Due to calculation problems while fitting these models, researchers were not able to use zero-inflated bivariate count model for a long time [18]. Recent improvements in hierarchical Bayesian modeling and specifically the improvement in simulation methods like Markov chain Monte Carlo (MCMC) have provided the mechanisms for simple implementation of bivariate distributions such as bivariate Poisson [18].

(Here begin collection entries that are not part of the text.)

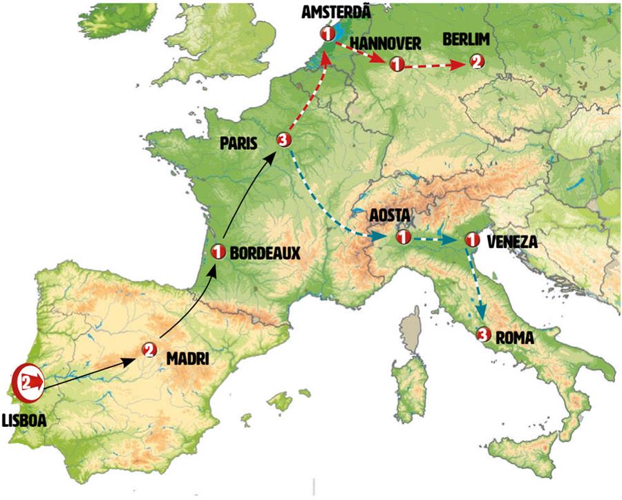 Lisboa, Cáceres, Madrid, San Sebastian, Bordeaux, Blois, Paris.
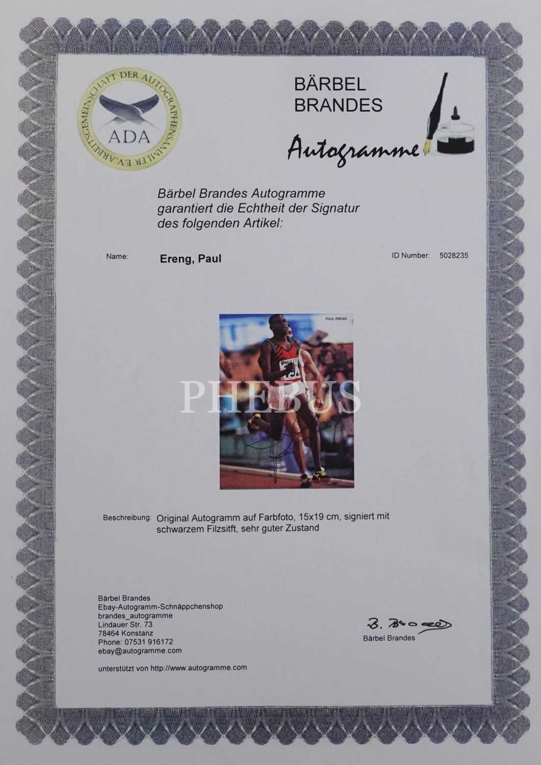 Olimpiyat atleti Paul Ereng´in imzalı ve sertifikalı fotoğrafı, 15x19 cm...
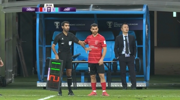 比赛第29分钟,成皆蓉城作念出换东说念主调度,胡荷韬因伤被动离场,古尔芬克尔替补登场。场上比分蓉城0-1柔佛。
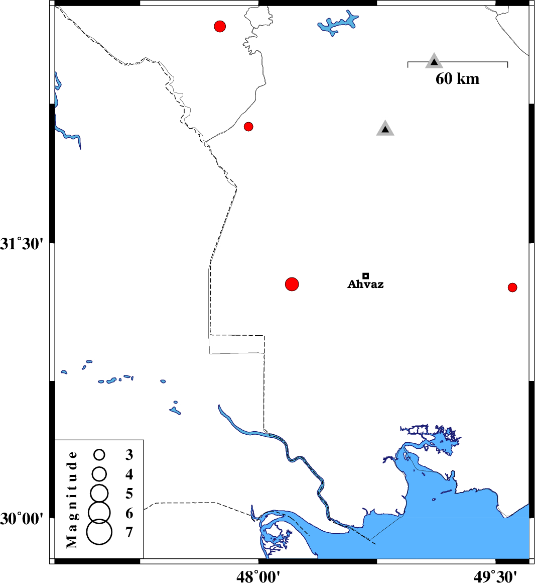 | 2018/12/05 | 00:10:34.5 | 03:40:34.5 | 32.128 | 47.937 | 15 | ML:2.6 | Khoozestan Province, 30 km -West of Shush |
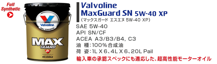バルボリン マックスガードSN 5W - 40 XPは、厳選した100%合成油と独自の添加剤を配合することで、究極の耐久性を誇り低回転から高回転域まで常に安定した油膜特性を保持し、エンジンを熱や酸化から守ります。API最新規格SNに合致し、さらにヨーロッパオイル規格ACEAにも余裕を持って合格しています。また、各輸入車の承認スペックにも適応しています。ミニバン、ラグジュアリーセダン、SUVに最適なオイルです。
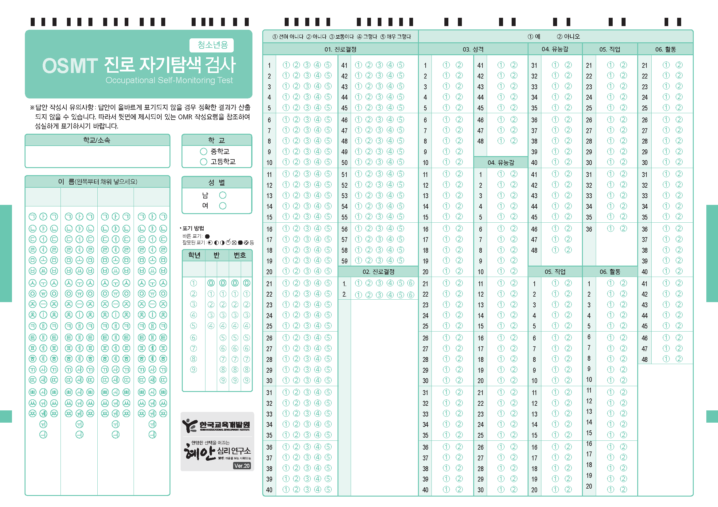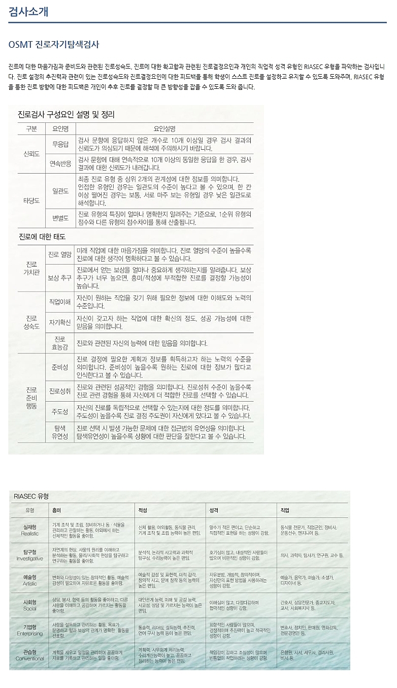 컨텐츠(본문)영역 전문가/기관심리검사 Home 전문가/기관심리검사 특징 및 제공서비스 특징 및 제공서비스 검사종류 및 가격 상품 상세 구매 OSMT 진로자기탐색검사(중) 인기 음성지원 분류 진로 저자/연구개발 혜안심리연구소 검사대상 중학생 문항수 241문항 소요시간 약 45분 참조 ※ 온라인검사를 실시하기 위해서는 검사실시코드를 구매하여 검사를 진행하시면 됩니다. 세부상품 (필수)선택해주세요. 검사실시코드 (4,000원) 검사지 + 검사실시코드 (4,500원) 총 검사 상품 금액 0원 검사맛보기 장바구니 주문하기 WEB결과샘플 PDF결과샘플 피검자(동일검사를 2회이상 실시)의 변화추이를 확인하는데 도움이 됩니다. 개인웹비교결과샘플 개인사전사후결과샘플 개인누적비교결과샘플 그룹(동일검사를 2회이상 실시)의 변화추이를 확인하는데 도움이 됩니다. 그룹종합결과샘플 그룹사전사후결과샘플 그룹누적비교결과샘플 검사정보 관련검사 상품 검사문의 관련검사 상품 관련 심리검사 OSMT 진로자기탐색검사(고) 검사문의 Page 1 / 0 총 0건 해당 검사에 대한 문의만 해주시길 바랍니다. 검사문의 쓰기 게시판 리스트 번호 제목 답변상태 작성자 작성일 No Data.

This study seeks to determine the factors which affect the number of return for donation and also deferral from donation. The data is of the type of count data and, to explain it, it is necessary to use a count regression model. On the other hand, the data has a large number of zeros, and also there is a positive correlation between the number of return for donation and the number of deferral. In order to model these two variables obtained from blood transfusion data, the bivariate zero-inflated Poisson regression model was used. The remainder of the paper is organized as follows: in Section 2, first, the bivariate data set of blood transfusion is introduced, then, the bivariate zero-inflated Poisson models are presented, and later a Bayesian methodology for fitting the bivariate zero-inflated Poisson model is developed. In Section 3, the result of fitting the proposed model on blood transfusion data is brought up and discussed. Finally, Section 4 provides some conclusions.

#### 2. Materials and Methods

##### 2.1. Data

The data used in this research was obtained from a longitudinal study in which a random sample of donors who had a first-time successful donation were followed up for a maximum of five years and their number of return for blood donation and number of blood deferral were measured as response. A full description of the data can be seen in [3]. Figure 1 shows the frequency of return for blood donation and blood deferral. 51% of return for blood donation and 85% of blood deferral are zero, which is much more than the Poisson distribution contribution. On the other hand, the Spearman correlation coefficient of the number of return for donation and the number of deferral was equal to 0.276, which is significant at level 0.01. Therefore, to study the effective factors, the bivariate zero-inflated regression model was used. Sex, weight, age, marital status, education, and job were taken as independent variables. Since education and job were nominal, in order to apply those in the model, three dummy variables for education and four for job were used. As a result, thirteen independent variables were inserted into the model.